我有一些用户评论数据,我希望从这些数据中找到消费电子品牌的名称. 例如,请考虑这些谈论"PS4",诺基亚720 lumia",苹果ipad",索尼bravia"的ne_chinked例句:-

I have some user comments data from which I want to find the name of consumer electronic brands. For instance consider these ne_chinked example sentence which talk about "PS4", "nokia 720 lumia" ,"apple ipad", "sony bravia":-

In [52]: nltk.ne_chunk(nltk.pos_tag(nltk.word_tokenize('When is the PS4 releasing')))
Out[52]: Tree('S', [('When', 'WRB'), ('is', 'VBZ'), ('the', 'DT'), Tree('ORGANIZATION', [('PS4', 'NNP')]), ('releasing', 'NN')])
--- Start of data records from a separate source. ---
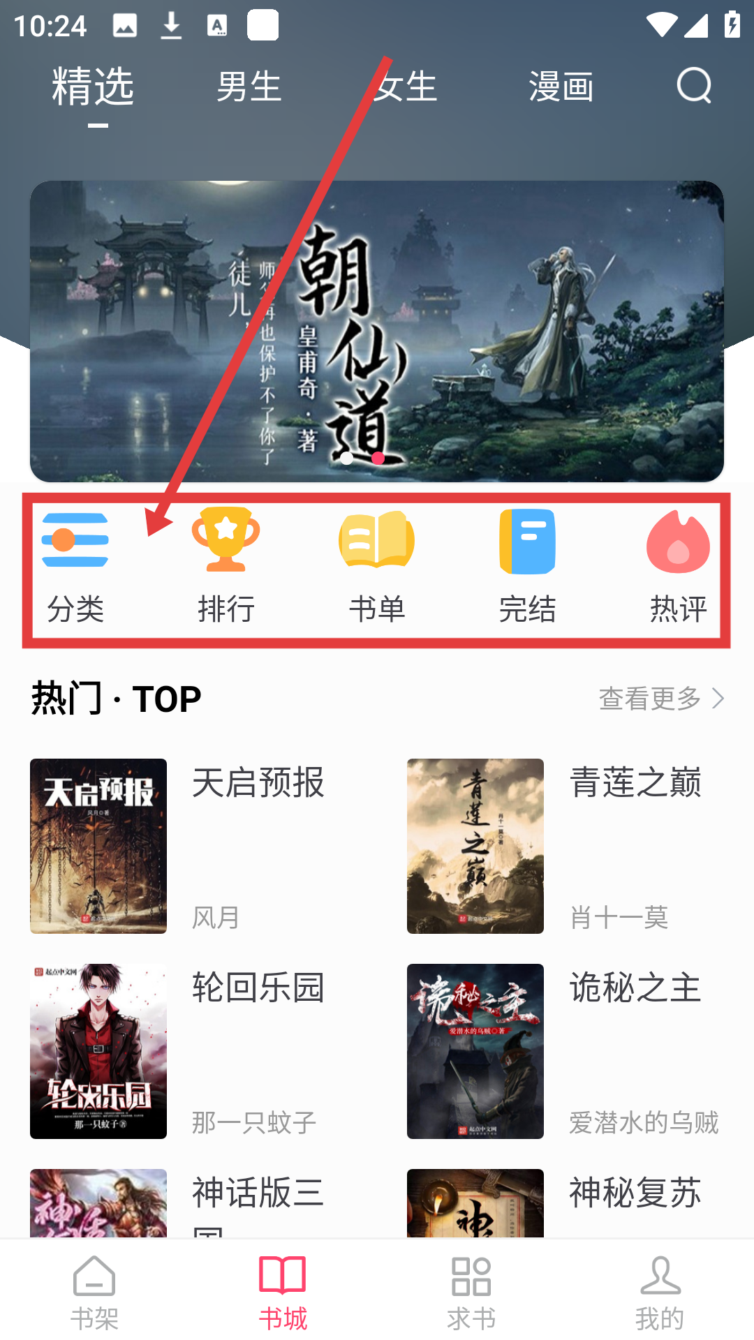 2、在分类界面挑选喜欢的小说类别,如【仙侠】,点击即可进入该类别小说列表啦。
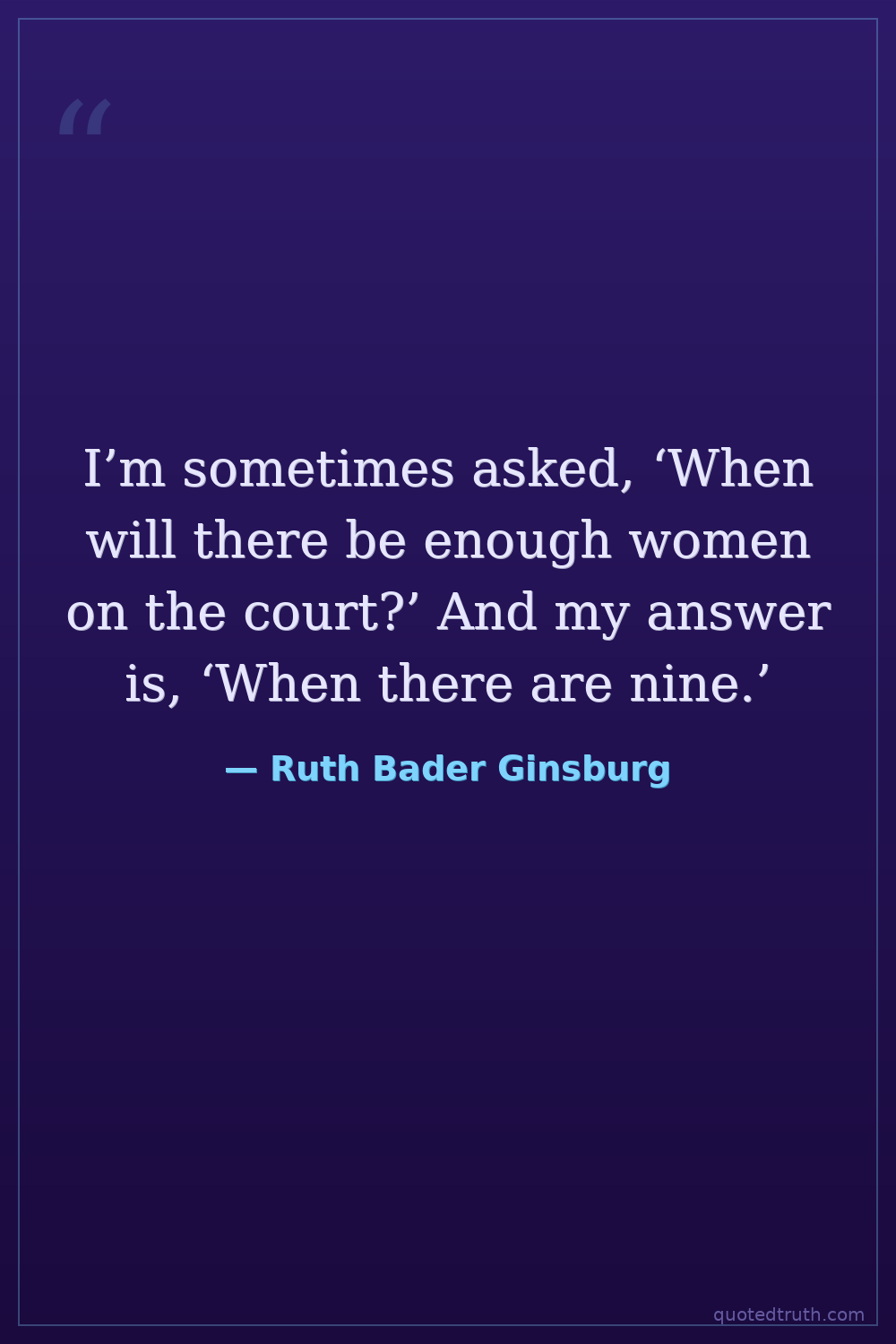 I’m sometimes asked, ‘When will there be enough women on the court?’ And my answer is, ‘When there are nine.’
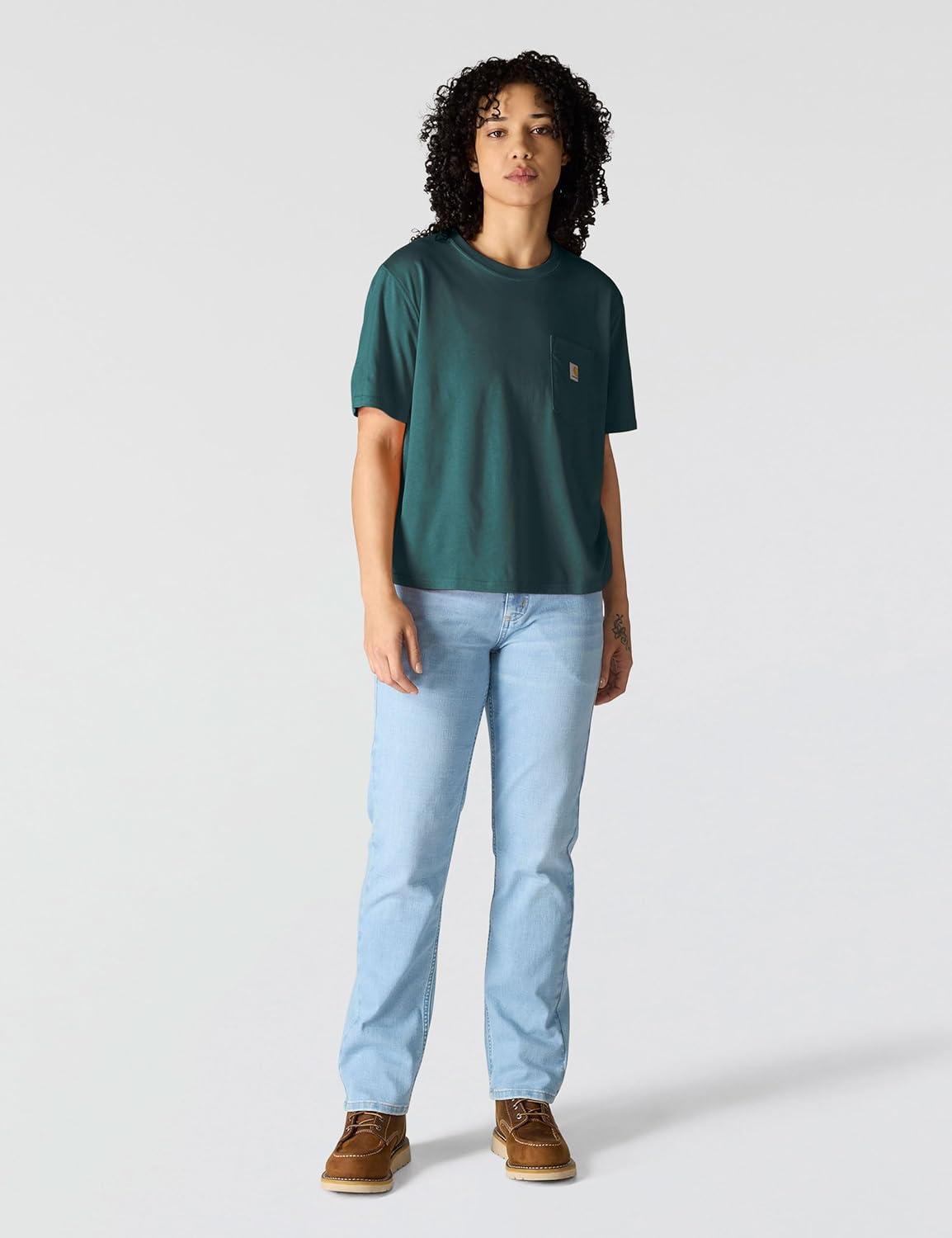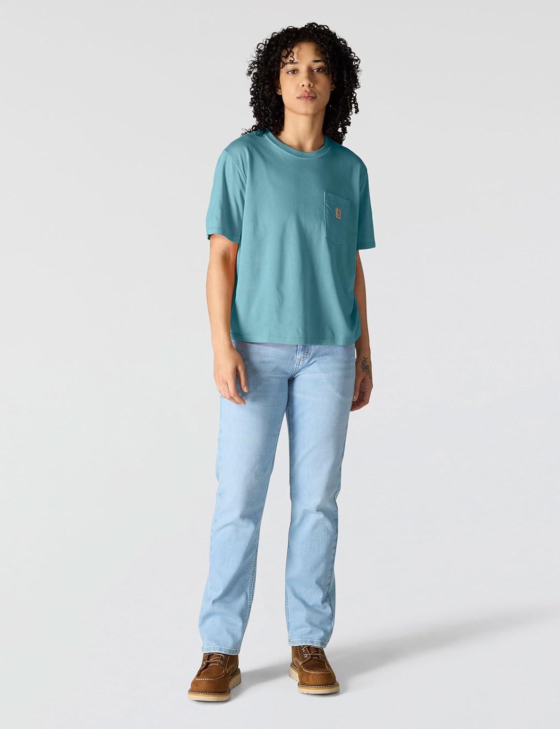 Carhartt Womens Relaxed Fit Lightweight Short Sleeve Garment Dye Pocket T-Shirt(Seabrook)

In [53]: nltk.ne_chunk(nltk.pos_tag(nltk.word_tokenize('I couldnt find the nokia 720 lumia in stores')))
Out[53]: Tree('S', [('I', 'PRP'), ('couldnt', 'VBP'), ('find', 'JJ'), ('the', 'DT'), ('nokia', 'NN'), ('720', 'CD'), ('lumia', 'NN'), ('in', 'IN'), ('stores', 'NNS')])

In [54]: nltk.ne_chunk(nltk.pos_tag(nltk.word_tokenize('I just bought apple ipad and its really awesome')))
Out[54]: Tree('S', [('I', 'PRP'), ('just', 'RB'), ('bought', 'VBD'), ('apple', 'JJ'), ('ipad', 'NN'), ('and', 'CC'), ('its', 'PRP$'), ('really', 'RB'), ('awesome', 'JJ')])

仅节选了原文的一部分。